February 3: Email the following to Claire Potter in an attached Word document (clearly labeled with your name): Choose one or two of the collections listed here that you would like to work with and say why. Indicate whether you would prefer to work alone, in a pair or in a larger group.  Don’t see a collection that appeals to you?  Go to the NYPL Manuscripts and Archives homepage and pick another one.  Your only restriction is that it has to be within the scope of our class so that you can be in conversation with the rest of us.

February 5: The Practice of Community Scholarship

What is “community history” and why does it matter to historians, activists and members of an identifiable community? What ethical principles does it embody? Finally, what are the ethical responsibilities of universities toward their communities  — and the public more generally? How do we make what we do accessible to others?

  • John D’Emilio and Estelle B. Freedman, “Allan Berube and the Power of Community History,” in Allan Berube, My Desire for History: Essays in Gay, Community, & Labor History, edited D’Emilio and Freedman (Chapel Hill: University of North Carolina Press, 2011), 1-37.
  • David Scobey, “In Here/Out There: The Place of Scholarship in a Democracy (or, Why Maurice Chevalier Came to Town),” text of a lecture given at Concordia University, March 17 2011.

From 5:00 – 5:50, we will be joined by David Scobey, who will talk to us about “In Here/Out There” and how our research and fits into the vision of a civically engaged university community.

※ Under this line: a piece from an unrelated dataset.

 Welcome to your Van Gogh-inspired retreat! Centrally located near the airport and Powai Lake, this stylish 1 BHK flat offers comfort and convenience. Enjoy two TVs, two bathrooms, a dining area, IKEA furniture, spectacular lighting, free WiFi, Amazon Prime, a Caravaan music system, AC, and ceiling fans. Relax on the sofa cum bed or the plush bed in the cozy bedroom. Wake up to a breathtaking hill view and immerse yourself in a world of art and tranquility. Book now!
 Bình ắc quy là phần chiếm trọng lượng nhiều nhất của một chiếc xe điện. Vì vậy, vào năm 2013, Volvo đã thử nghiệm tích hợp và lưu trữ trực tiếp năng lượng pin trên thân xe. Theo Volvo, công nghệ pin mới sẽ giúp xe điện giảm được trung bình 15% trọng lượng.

February 12: History as a Living Thing

How do we think about representing a past that is, as Renee Romano says in her article, “not dead yet”? This week we begin to address what we can learn from people who already practice recent history, who put their scholarship in the center of ongoing activisms, and who seek to shape the terms of the debate by understanding where ideology has shaped notions of fat and truth.

  • Claire Potter and Renee C. Romano, “Just Over Our Shoulder: The Pleasures and Perils of Writing the Recent Past,” DRH, 1-19.
  • Renee Romano, “Not Dead Yet: My Identity Crisis as a Historian of the Recent Past,” DRH, 23-44.
  • Sara Dubow, “Introduction: Fetal Stories” and “Debating Fetal Pain, 1984-2007,” Ourselves Unborn: A History of the Fetus in Modern America (New York: Oxford University Press, 2010), 1-9; 153-183.

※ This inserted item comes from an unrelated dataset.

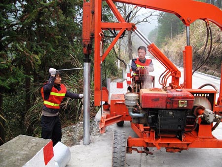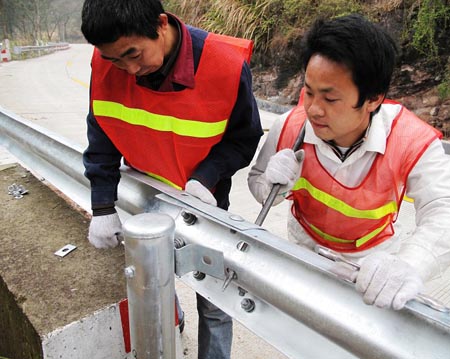3月11日上午,施工人员正在仙居县道路小线山岭路段安装钢质护栏。今年,仙居县公路部门投资3500多万元,对县内15条重要县乡道公路的安全保障设施进行完善,在水泥混凝土防护墩的基础上安上钢质护栏,确保全县农村公路安全运营和群众生命财产安全。

From 4-5:00 we will be joined by Sara Dubow, associate professor of history at Williams College.

Abortion, and the rights of potentially human organisms represent a longstanding, volatile debate with a long past and an unresolved future. Historians have an important, and charged, role in a very public debate through which activists defend different, and deeply felt, beliefs about human life. Bring your questions about the making of this book, as well as the aftermath of its publication, to Professor Dubow, who will join us for the last hour of class.

February 17:  On the blog, comment on the rules of using the National Archives in Washington, D.C.  Which ones seem right to you? Which seem obscure? Do any  seem stupid or pointless? How would you prepare to visit an archive? Feel free to comment on other people’s posts as well.

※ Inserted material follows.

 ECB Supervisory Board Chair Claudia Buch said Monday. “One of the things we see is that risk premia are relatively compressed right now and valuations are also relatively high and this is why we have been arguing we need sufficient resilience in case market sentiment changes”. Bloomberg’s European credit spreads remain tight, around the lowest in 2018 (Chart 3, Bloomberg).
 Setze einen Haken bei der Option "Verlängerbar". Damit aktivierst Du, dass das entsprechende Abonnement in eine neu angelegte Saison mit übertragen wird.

February 19: Archives Workshop Session at NYPL 

We will meet with Thomas Lannon, our course collaborator, who will give us an introduction to doing archival research at the New York Public Library. Please gather at the north entrance (on 42nd street ) at 3:50 so that we can go into the building together.

February 22-23:  you may wish to attend a session of the NSPE symposium honoring the fiftieth anniversary of Betty Friedan’s Feminine Mystique. If you do, consider blogging about it for us

February 26: Historians In, With and For the Public

From 4:00 to 5:00, we will be joined by Professor Heathcott. Questions I have asked him to think about are:

  • How the photograph featured in “The Archival Uncanny”came into his hands;
  • What moved him to write this piece; how it took the shape it did; and what led him to the questions he asked of the photograph;
  • Who he imagined he would reach with the essay, and why he want to do it as a digital publication;
  • How he thinks about the distinctions between “traditional” scholarly publishing and publishing scholarly work on the web;
  • What it means to put something “private” (i.e., the history of one’s own family) out in “public.”